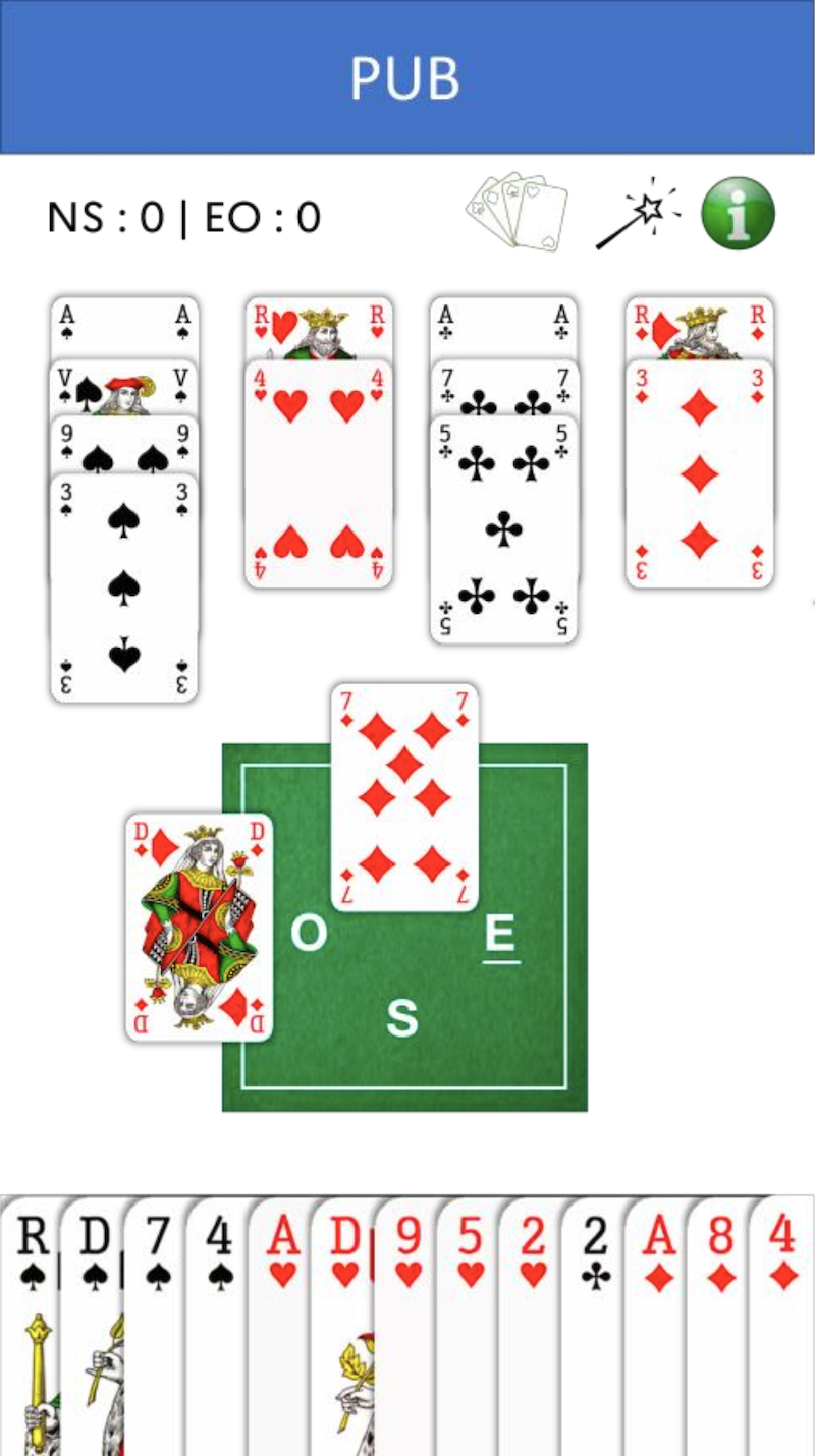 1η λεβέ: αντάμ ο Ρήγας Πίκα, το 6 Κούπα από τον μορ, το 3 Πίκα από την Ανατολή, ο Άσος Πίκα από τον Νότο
* * * * *
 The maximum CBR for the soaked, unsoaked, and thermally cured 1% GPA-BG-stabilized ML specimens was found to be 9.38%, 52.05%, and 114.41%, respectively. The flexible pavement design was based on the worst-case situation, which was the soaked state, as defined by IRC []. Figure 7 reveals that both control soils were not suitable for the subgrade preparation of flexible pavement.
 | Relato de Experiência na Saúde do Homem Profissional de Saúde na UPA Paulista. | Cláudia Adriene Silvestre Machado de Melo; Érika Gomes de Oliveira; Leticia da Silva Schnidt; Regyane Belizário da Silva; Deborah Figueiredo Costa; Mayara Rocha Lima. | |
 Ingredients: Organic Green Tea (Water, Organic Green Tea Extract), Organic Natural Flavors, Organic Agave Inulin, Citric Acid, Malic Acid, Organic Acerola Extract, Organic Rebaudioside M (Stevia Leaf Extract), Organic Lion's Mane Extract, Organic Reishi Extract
* * * * *
= Exercise directions =
From the data above, output exactly the lines between the one containing "Rocha Lima. | |" and the one containing "Ingredients: Organic Green", counting both of them.

= Reply to the exercise =
 | Relato de Experiência na Saúde do Homem Profissional de Saúde na UPA Paulista. | Cláudia Adriene Silvestre Machado de Melo; Érika Gomes de Oliveira; Leticia da Silva Schnidt; Regyane Belizário da Silva; Deborah Figueiredo Costa; Mayara Rocha Lima. | |
 Ingredients: Organic Green Tea (Water, Organic Green Tea Extract), Organic Natural Flavors, Organic Agave Inulin, Citric Acid, Malic Acid, Organic Acerola Extract, Organic Rebaudioside M (Stevia Leaf Extract), Organic Lion's Mane Extract, Organic Reishi Extract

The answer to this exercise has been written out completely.